Anyway. I had a startling thought as I studied the elk fence from afar, noting the stark line of shorn grass on the cow side. I wondered if, a year ago when I visited this place with Asia Suler, the first stirrings of Elk Lines just beginning in me, when I first asked the place to guide my writing hand with whatever new project needed to come through-- I wondered if the elk, already dying of drought, had in some way spoken. Tell our story. Tell our story. Asia and I buried a quartz crystal in a patch of iris where we watched a herd of female elk and their calves graze.

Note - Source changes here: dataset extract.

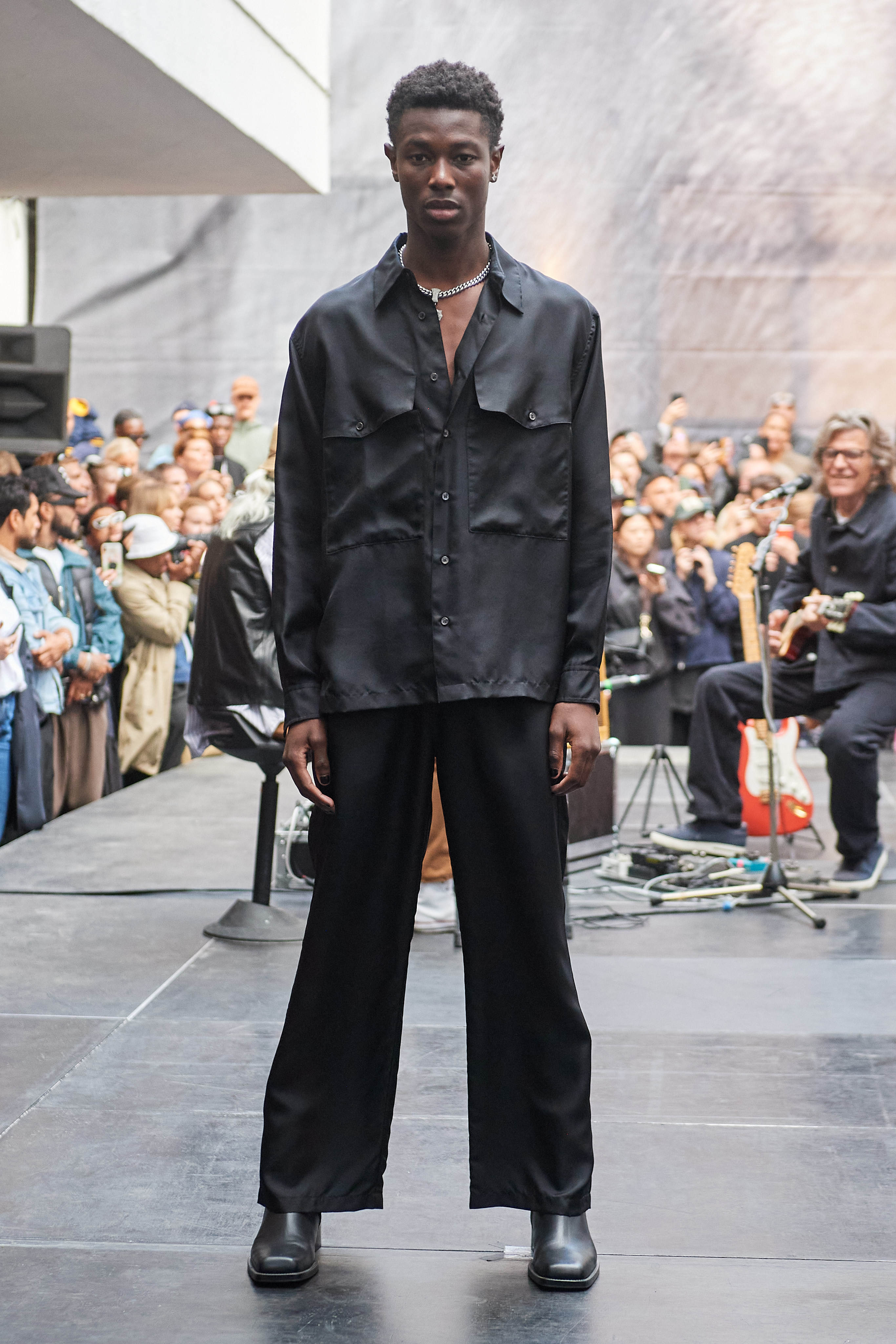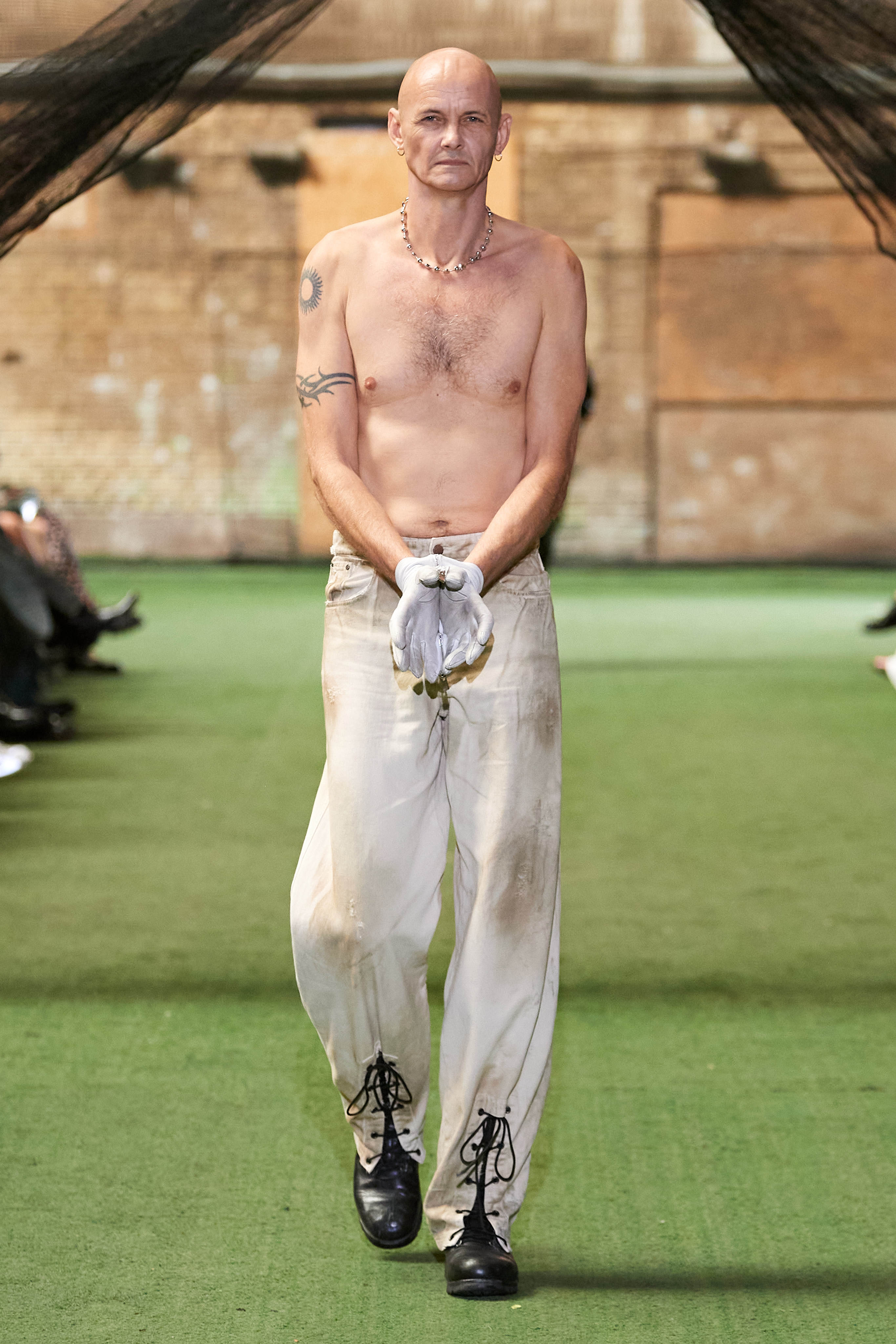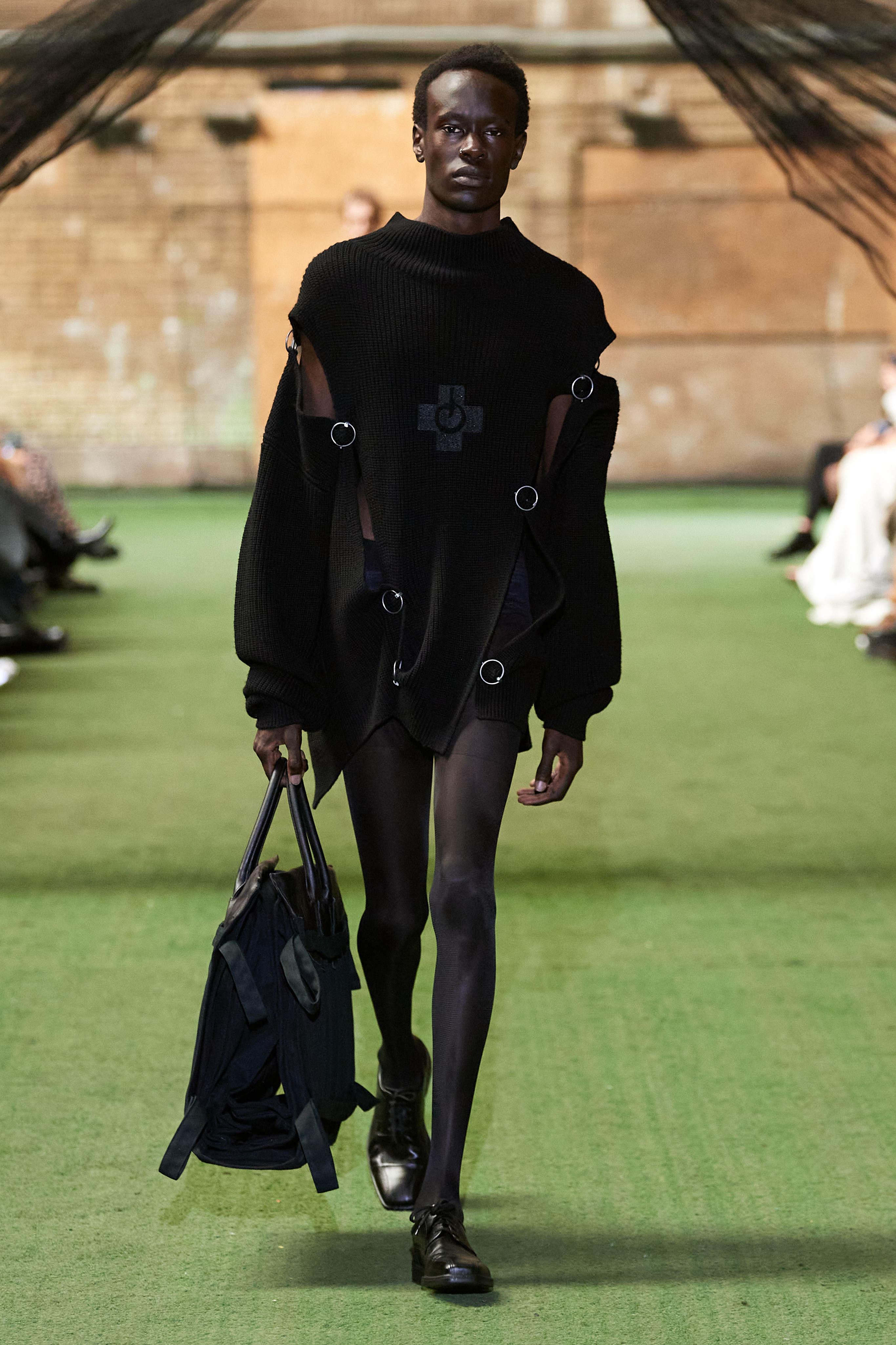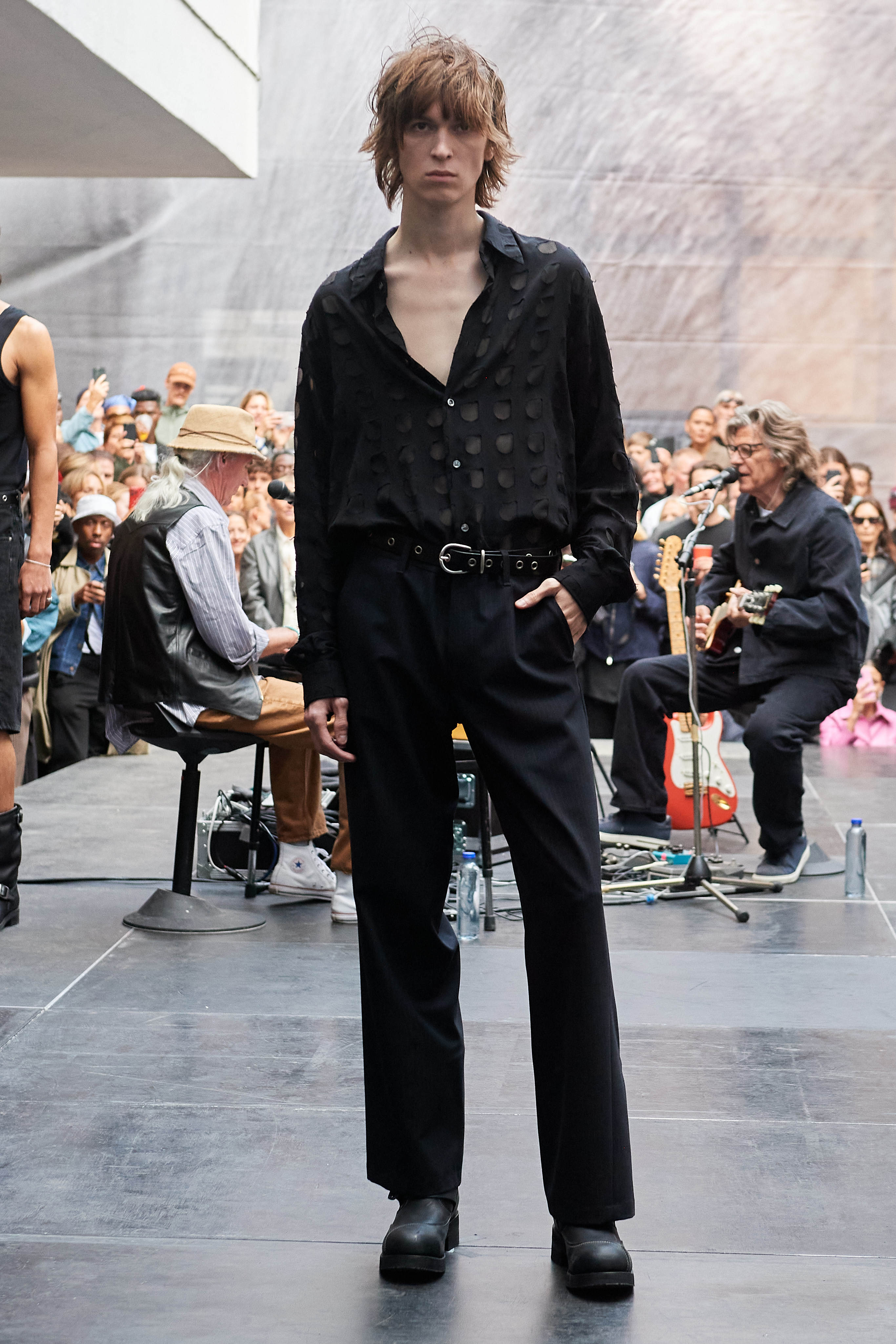 Специфіка шведської марки Deadwood - рокерські образи з перероблених матеріалів, які мають вигляд як нові (засновники марки Карл Оллсон і Фелікс фон Вахдер збирають їх у вінтажних крамницях по всьому світу). За 11 років існування бренду - це було їхнє перше шоу, на якому дует показав, як майстерно вміє працювати не тільки з переробленою шкірою, а й з інноваційними веганськими матеріалами, як-от шкіра з листя кактуса.

I knew with certainty on that day that my next story would be about elk. It became very clear. I thought of that quartz often as I wrote, hoping I was writing true. In my story, the elk are dying of disease, spread from the cows. I had no idea the elk of Point Reyes were truly dying in any unnatural way at all, until now. I wonder if this is partly why this story came.

I hope desperately I can do them justice in whatever humble way I can manage. Even if it is "all in the balance," and the "natural order of things," half the population here is dead. Brother elk, sister elk, son elk, mother elk.  Dead too fast. Don't think they do not mourn one another. It is dangerous, when we forget this. When we trick ourselves into thinking animals have no emotions, and therefore death by thirst is no big deal. I read once that when Bernie Krause, a soundscape ecologist, heard a father beaver discover that his dam with mate and babies inside had been destroyed, the keening sound he made long into the night, circling and circling, was the most heart breaking noise Krause had ever heard. It reduced him to tears. He instantly recognized, in the part of him that was no different than the beaver, the sound of animal grieving.